US 12,118,813 B2
Continuous learning for document processing and analysis
Stanislav Semenov, Moscow (RU)
Assigned to ABBYY Development Inc., Dover, DE (US)
Filed by ABBYY Development Inc., Dover, DE (US)
Filed on Nov. 3, 2021, as Appl. No. 17/518,191.
Claims priority of application No. 2021132196 (RU), filed on Nov. 3, 2021.
Prior Publication US 2023/0138491 A1, May 4, 2023
Int. Cl.
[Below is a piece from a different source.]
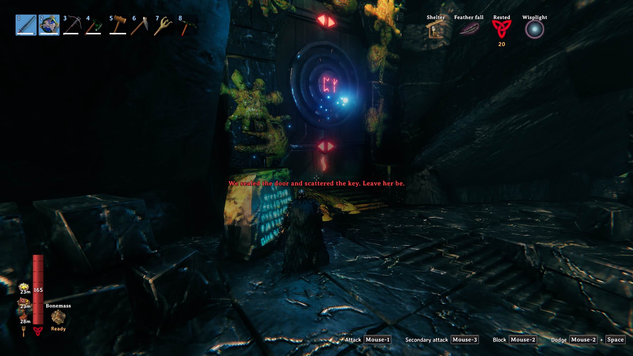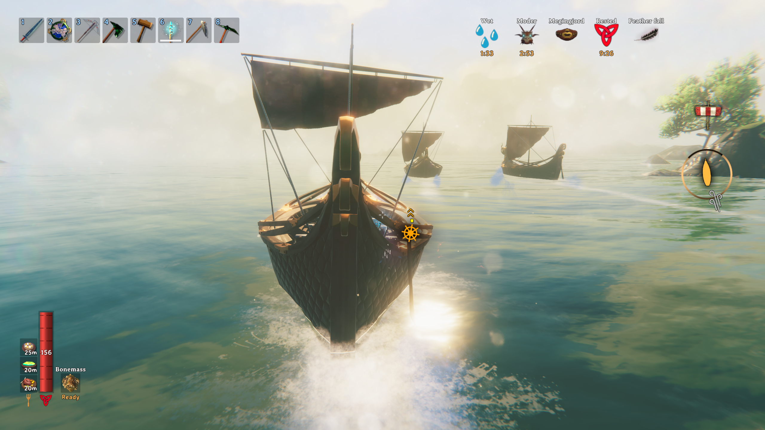 Med hjärtat i halsgropen och med kanske 1% eller 0.5% kvar av båtens durability slängde jag mig utanför relingen på babord sida med craftinghammaren i handen och bara smattrade mot ytan på en av klipporna. Ett hail mary. Bänken var röd, röd, det går inte att placera, röd, röd, röd. Grön. Bonk. Bänken ute. Jag skrek i mikrofonen “repair repair repair” och omedelbart var båten uppe på 100% hälsa igen. Tur är det väl att systemet fungerar sådär, att reparationer är omedelbara. För allt annat hade kanske slutat i att vi aldrig såg Valheims slut ihop.

G06V 30/41 (2022.01); G06F 40/174 (2020.01); G06N 3/048 (2023.01); G06N 3/08 (2023.01); G06V 30/148 (2022.01)
CPC G06V 30/41 (2022.01) [G06F 40/174 (2020.01); G06N 3/048 (2023.01); G06N 3/08 (2013.01); G06V 30/153 (2022.01)] 20 Claims
OG exemplary drawing
 
1. A method comprising:
receiving, by a processing device, one or more documents;
performing optical character recognition on the one or more documents to detect words comprising symbols in the one or more documents;
determining an encoding value for each of the symbols;
applying a first hash function to each encoding value to generate a first set of hashed symbol values;
applying a second hash function to each hashed symbol value of the first set of hashed symbol values to generate a vector array comprising a second set of hashed symbol values;
applying a linear transformation to each value of the second set of hashed symbol values of the vector array;
applying an irreversible non-linear activation function to the vector array to obtain abstract values associated with the symbols; and
saving the abstract values to train a neural network to detect fields in an input document.